Oleh Ega Nanda Putri Ayuana – Universitas Muhammadiyah Ponorogo
PWMU.CO – Waktu silih berganti, zaman pun terus berkembang dan berubah. Dari era kolonial hingga reformasi, masa penjajahan hingga kemerdekaan. Begitupun dengan era tradisional hingga kini disebut era modern. Seperti kehidupan generasi yang lahir di akhir 1990an hingga awal 2000an yang populer disebut “Generasi Z” (Gen Z).
Mobilitas globalisasi yang berjalan secara cepat, membawa banyak tuntutan dan daya pendorong yang menunjukkan masifnya sub-bidang yang berubah secara signifikan. Teknologi, kebudayaan, pendidikan, ekonomi, kesejahteraan, dan sebagainya terus mengalami perubahan dan menarik untuk dijadikan sebagai bahan kajian.
Guna menghadapi derasnya arus globalisasi, sebagai makhluk spesial karena telah dibekali pemikiran yang kritis dan cerdas terhadap berbagai bentuk struggle, kita harus fokus pada penyelesaian persoalan dan tantangan yang muncul.
Di tengah kemajuan ilmu pengetahuan dan teknologi (iptek), kita seyogyanya selalu memiliki landasan sikap open minded dalam pengaruh yang ditimbulkan. Hal ini tidak dapat dipisahkan dari adanya respon “pro-kontra”.
Agar tidak terjadi kesenjangan pemikiran yang terlalu jauh di rentang antar generasi, maka diperlukan adanya pendidikan bermutu. Berdasarkan data hasil riset Badan Pusat Statistik (BPS) Kota Semarang jumlah peserta didik di Indonesia pada tahun 2024 ini sebanyak 52.913.427 siswa. Jumlah tersebut belum termasuk jumlah mahasiswa yang tersebar di seluruh perguruan tinggi yang ada di Indonesia.
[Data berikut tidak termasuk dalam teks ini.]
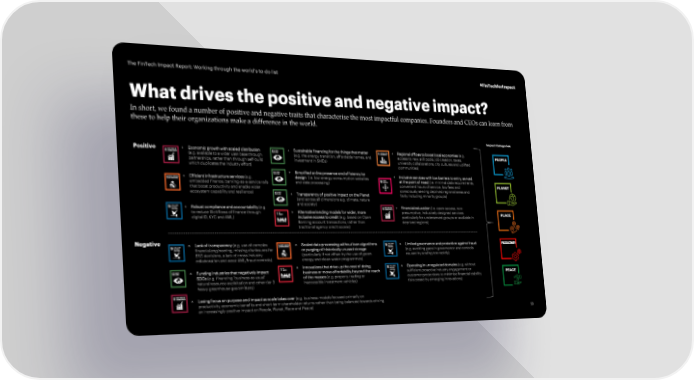 The FinTech Impact Report: Working through the world’s to-do list #FinTechforImpact What drives the positive and negative impact? In short, we found a number of positive and negative traits that characterise the most impactful companies. Founders and CEOs can learn from these to help their organizations make a difference in the world. Impact Categories: Positive + Economic growth with scaled distribution + Sustainable financing for the things that matter + Regional offices to boost local economies (e.g. PEOPLE (e.g. available to a wider user base through Icon (e.g. the energy transition, affordable homes, and Icon access to new skill pools, job creation, taxes, Icon partnerships, rather than through self-build investment in SMEs) university collaborations, city cultures and uplifted which duplicates the industry effort) communities) + Simplified online presence end efficiency by + Inclusive services with low barriers to entry, served + Efficient infrastructure services (e.g. Icon design (i.e. low-energy-consumption websites at the point of need (i.e. minimal data requirements, embedded finance, banking-as-a-service rails and data processing) Icon convenient hours of service, low fees and PLANET Icon that boost productivity and enable wider consciously serving deprived regional areas and ecosystem capability and resilience) + Transparency of positive impact on the Planet fairly including minority groups) Icon (and across all dimensions e.g. climate, nature + Robust compliance and accountability (e.g. and society) + Financial education (i.e. open-access, non- to reduce illicit flows of finance through + Alternative lending models for wider, more presumptive, inclusively designed services PLACE digital ID, KYC and AML) Icon inclusive access to credit (e.g. based on Open particularly for underserved groups or available in Banking account transactions, rather than deprived regions) traditional agency credit scores) Negative × Lack of transparency (e.g. use of complex × Scaled data processing without lean algorithms × Limited governance and protection against fraud PRODUCTIVITY financial engineering, missing disclosures for Icon or purging of historically unused storage (e.g. avoiding gaps in governance and controls ESG decisions, a lack of cross-industry (particularly if not offset by the use of green caused by scaling too rapidly) collaboration and weak AML/fraud controls) energy and clean water programmes) × Funding industries that negatively impact × Innovations that drive up the cost of doing × Operating in unregulated domains (e.g. without SDGs (e.g. financing ‘business as usual’ Icon business or move affordability beyond the reach sufficient proactive industry engagement or PEACE natural resource exploitation and other tier 3 of the masses (e.g. property trading or customer protections to minimise financial stability heavy greenhouse gas emitters) inaccessible investment vehicles) risks posed by emerging innovations) × Losing focus on purpose and impact as scale takes over (e.g. business models focused primarily on Icon productivity, economic benefits and short-term shareholder returns rather than being balanced towards driving an increasingly positive impact on People, Planet, Place and Peace) 53

Pendidikan di Indonesia masih perlu dibenahi
Pendidikan di Tanah Air berproses secara dinamis sejak zaman Hindia Belanda hingga era digital seperti saat ini. Pada masa penjajahan, rakyat pribumi tidak mendapatkan kesempatan secara adil untuk bisa menempuh pendidikan yang layak. Saat itu pendidikan masih dipandang tidak ada manfaatnya bagi rakyat biasa yang diposisikan sebagai golongan strata rendah. Pendidikan yang layak hanya untuk kaum bangsawan.
Setelah diproklamasikannya kemerdekaan Indonesia, sistem pendidikan nasional mengalami transformasi. Masyarakat menggelorakan semangat untuk memperjuangkan hak akses pendidikan bagi kaum pribumi yang merata sebagai implementasi sila ke-5 dari Pancasila sebagai dasar negara.
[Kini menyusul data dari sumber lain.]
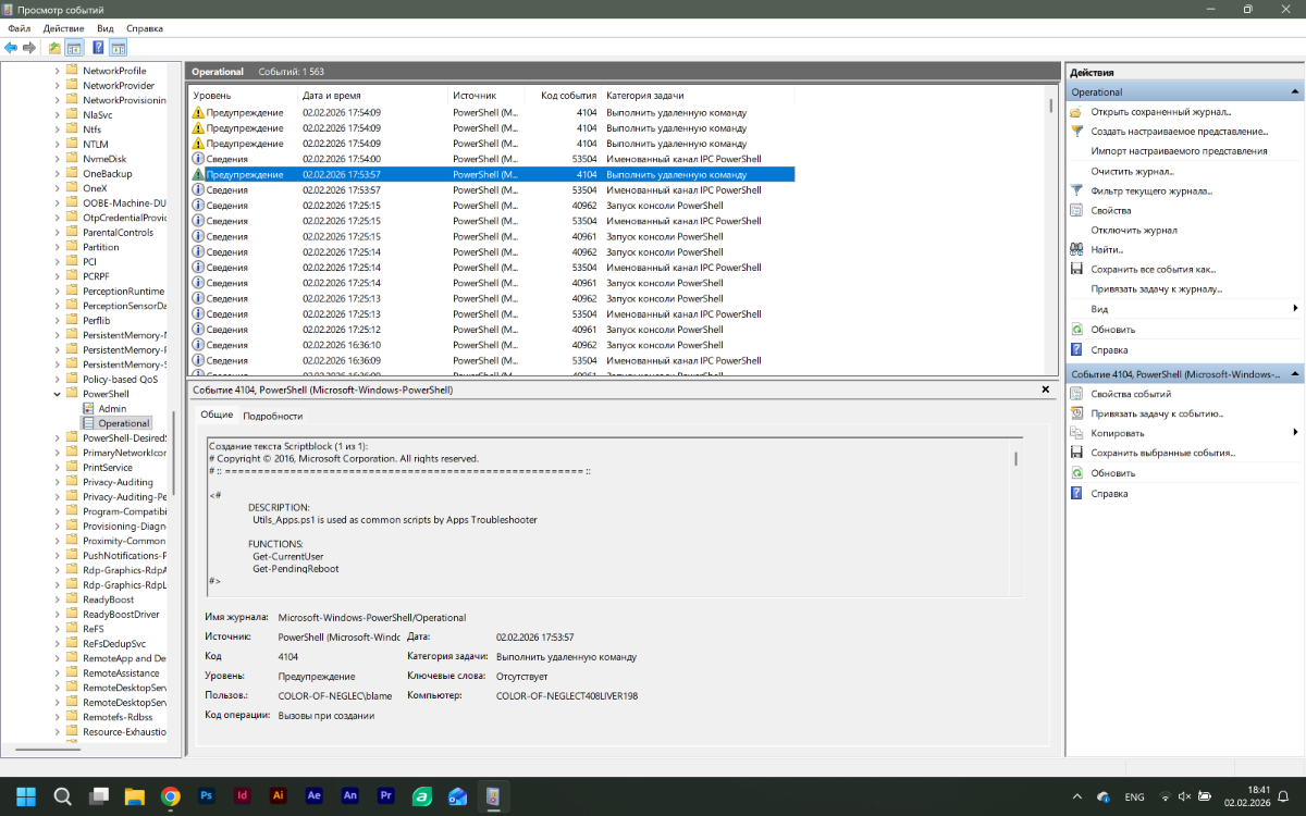 Посмотрел PowerShell, совсем недавно снова эти предупреждения появились. Но вот использование памяти уменьшилось, в спокойном состоянии обычно оно держалось на 36 процентах, сейчас же использование памяти на 20-25%. Надо будет какое-то время понаблюдать на ноутбуком. Спасибо что проконсультировали меня! -

Pada awal era reformasi, pendidikan digunakan sebagai alat pembangunan nasional. Anak Indonesia wajib mendapatkan pendidikan dasar melalui program wajib belajar sembilan tahun. Hal tersebut juga disosialisasikan oleh Millenium Development Goals (MDGs) yang memberikan dorongan pada partisipasi pendidikan, utamanya fokus pendidikan pada pemberdayaan siswa dalam kurikulum yang lebih inklusif.
Dalam perspektif penulis, kualitas pendidikan di Indonesia dapat dikatakan relatif rendah. Meski perkembangan iptek berbasis jaringan internet telah merajalela dalam segala segi kehidupan, belum semua lapisan masyarakat di Tanah Air dapat mengakses fasilitas tersebut dengan mudah. Marilah kita cermati, jarang sekali anak-anak di daerah pedalaman untuk memperoleh pendidikan yang layak. Mayoritas mereka justru masih dalam taraf berjuang untuk mendapatkan hak pendidikan tersebut.